HyukjinKwon opened a new pull request, #56772:
URL: https://github.com/apache/spark/pull/56772

   ### What changes were proposed in this pull request?
   
   This PR makes a blocking read of the foreachBatch Python worker response in 
`StreamingPythonRunner` abortable, so that stopping a Spark Connect streaming 
query that uses `foreachBatch` reliably terminates even when the Python worker 
is wedged.
   
   - `StreamingPythonRunner.readInterruptibly(dataIn)` performs the per-batch 
`readInt()` under a small watchdog thread. The watchdog stops the worker once 
the read should be abandoned — either the calling (micro-batch) thread is 
interrupted, or an installed `shouldAbortRead` check trips. Stopping the worker 
closes its channel, which unblocks the in-flight read with an 
`AsynchronousCloseException` so the batch (and the query) can unwind promptly. 
When no abort is requested the read blocks normally, so a legitimately slow 
batch is never killed.
   - The Connect foreachBatch cleaner cache 
(`StreamingForeachBatchHelper.CleanerCache.registerCleanerForQuery`) installs 
`() => !query.isActive` as that check when it registers a query's runner 
cleaner.
   - `StreamingForeachBatchHelper` now calls `runner.readInterruptibly(dataIn)` 
instead of `dataIn.readInt()`.
   
   ### Why are the changes needed?
   
   `SparkConnectSessionHolderSuite` "python foreachBatch process: process 
terminates after query is stopped" is flaky, and the underlying behavior is a 
real hang.
   
   The micro-batch execution thread runs the foreachBatch function, which 
blocks reading the Python worker response via 
`Channels.newInputStream(channel).readInt()`. When the worker is wedged (e.g. 

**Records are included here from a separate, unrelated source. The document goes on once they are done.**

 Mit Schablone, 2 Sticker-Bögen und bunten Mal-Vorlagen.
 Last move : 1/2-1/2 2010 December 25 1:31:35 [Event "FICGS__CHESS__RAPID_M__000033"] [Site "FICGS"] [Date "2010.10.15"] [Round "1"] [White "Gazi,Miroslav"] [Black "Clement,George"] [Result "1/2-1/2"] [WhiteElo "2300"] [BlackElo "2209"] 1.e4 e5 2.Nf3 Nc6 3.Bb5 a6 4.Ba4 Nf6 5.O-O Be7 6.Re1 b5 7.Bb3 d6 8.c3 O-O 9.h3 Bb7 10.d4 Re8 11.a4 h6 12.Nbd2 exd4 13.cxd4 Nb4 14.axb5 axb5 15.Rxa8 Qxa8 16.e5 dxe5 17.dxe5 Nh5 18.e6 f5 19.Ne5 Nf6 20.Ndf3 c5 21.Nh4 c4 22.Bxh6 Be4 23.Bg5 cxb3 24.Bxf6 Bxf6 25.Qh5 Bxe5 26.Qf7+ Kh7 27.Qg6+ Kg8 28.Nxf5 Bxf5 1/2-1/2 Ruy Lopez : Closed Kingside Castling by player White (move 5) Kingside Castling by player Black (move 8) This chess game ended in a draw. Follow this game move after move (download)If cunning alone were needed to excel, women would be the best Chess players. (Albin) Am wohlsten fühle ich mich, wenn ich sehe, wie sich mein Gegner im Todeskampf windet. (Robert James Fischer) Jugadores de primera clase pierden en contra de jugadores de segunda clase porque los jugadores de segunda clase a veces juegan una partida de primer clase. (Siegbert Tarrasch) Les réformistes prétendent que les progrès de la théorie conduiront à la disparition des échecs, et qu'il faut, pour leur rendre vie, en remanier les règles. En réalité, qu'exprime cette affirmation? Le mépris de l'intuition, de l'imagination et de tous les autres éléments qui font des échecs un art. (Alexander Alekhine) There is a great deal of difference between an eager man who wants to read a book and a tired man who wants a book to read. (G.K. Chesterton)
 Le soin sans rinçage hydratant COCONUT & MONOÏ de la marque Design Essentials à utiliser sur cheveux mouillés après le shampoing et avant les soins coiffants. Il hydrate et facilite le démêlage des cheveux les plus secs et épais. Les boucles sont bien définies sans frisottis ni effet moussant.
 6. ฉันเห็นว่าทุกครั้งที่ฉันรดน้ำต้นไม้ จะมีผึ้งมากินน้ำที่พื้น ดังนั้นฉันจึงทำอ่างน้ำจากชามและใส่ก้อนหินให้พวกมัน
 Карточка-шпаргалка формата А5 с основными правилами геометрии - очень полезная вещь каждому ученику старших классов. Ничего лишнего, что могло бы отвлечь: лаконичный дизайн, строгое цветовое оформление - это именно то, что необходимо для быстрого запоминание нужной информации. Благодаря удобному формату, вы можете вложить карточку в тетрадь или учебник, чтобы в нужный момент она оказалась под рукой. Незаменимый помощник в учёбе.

it is mid re-entrant Spark Connect call), that read is broken by neither 
`query.stop()`'s `Thread.interrupt()` (the channel is not closed by 
interrupting the reader thread, and the interrupt flag is not even observed on 
the stream thread) nor a socket read timeout (`SO_TIMEOUT` has no effect on 
channel reads). So `stop()` blocks until `spark.sql.streaming.stopTimeout` 
elapses; with the default (infinite) timeout it hangs indefinitely. SPARK-56586 
bounded the test with a stop timeout and retries, but that only turns the hang 
into a failure — the retries deadlock identically.
   
   `query.stop()` sets the query state to `TERMINATED` (so `isActive` becomes 
`false`) before it blocks waiting for the thread to die, so `() => 
!query.isActive` is a reliable signal that lets the watchdog break the wedged 
read promptly.
   
   ### Does this PR introduce _any_ user-facing change?
   
   No. Stopping a Spark Connect `foreachBatch` streaming query is now reliable 
where it could previously hang, but there is no API or behavior change for 
successful queries.
   
   ### How was this patch tested?
   
   Repeated the previously-flaky test on a fork runner: 
`SparkConnectSessionHolderSuite` "python foreachBatch process: process 
terminates after query is stopped" passed 12/12 times on the first attempt with 
no retries (it previously failed even after 3 retries). Root cause and the 
close→unblock mechanism were also confirmed with targeted diagnostics on the 
same path.
   
   ### Was this patch authored or co-authored using generative AI tooling?
   
   Yes, generated by Isaac.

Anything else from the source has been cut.